Private-Sector Requirement May Hamper Portugal, Moody’s Says

Anthony Thomas, a senior analyst at Moody’s Investors Service in London, commented on the possibility that private-sector owners of Portugal’s government bonds may be asked to participate in a bailout of the country as a condition for another European Union rescue. Thomas spoke in a telephone interview.

Moody’s cut Portugal’s long-term bond rating today to Ba2, or junk, from Baa1. The outlook is negative.

On private participation in a Portugal bailout:

“Private-sector participation under a support program to a fiscally stressed country may be considered a distressed exchange, and therefore a default under Moody’s definition, but we would have to see exactly what is proposed.”
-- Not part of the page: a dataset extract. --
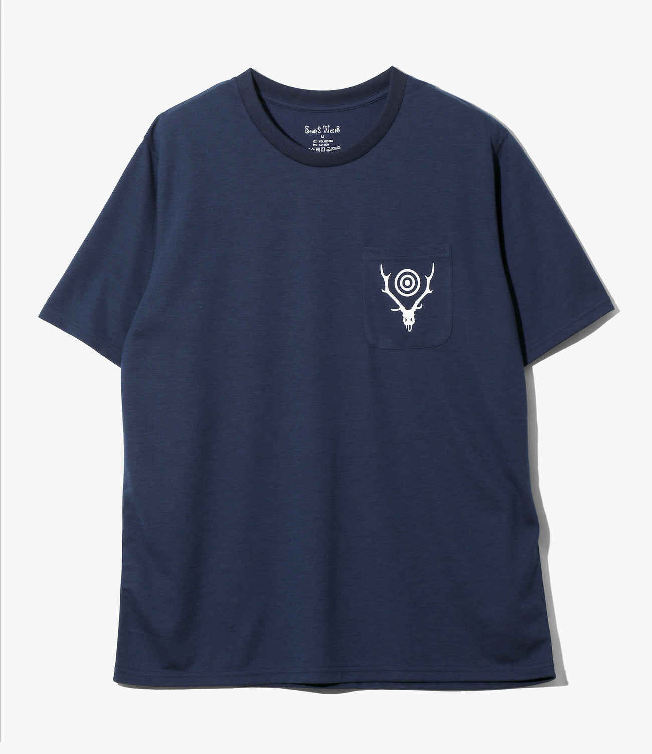 通気性や速乾性に富んだ、ポリエステル/コットンの混紡素材を使用した半袖ポケットTシャツ。フロントのポケットにはディアスカルとターゲットマークのアイコンが、バックには大胆にサークルホーンのプリントが施されています。ブラック・ネイビー・グリーン・ホワイトの4色展開。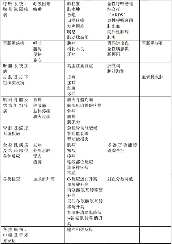 对不同研究进行交叉比较,显示以下不良反应可能存在剂量相关性:心力衰竭、呼吸困难、高血压、肺动脉高压。

“The European Union’s approach is evolving. Clearly nothing has been finalized. But from what we can see, it’s not so much that we don’t think they’re going to provide additional support, but a pre-condition of that additional support could very well be private sector creditor participation.”

“Obviously that’s very significant because not only does it affect current investors, but it is likely to discourage new private-sector lending going forward, and therefore reduce the likelihood that a country like Portugal will be able to regain access to the capital markets at a sustainable cost.”

On Portugal’s budget deficit:

“There are concerns that Portugal will face considerable challenges meeting its deficit-reduction target.”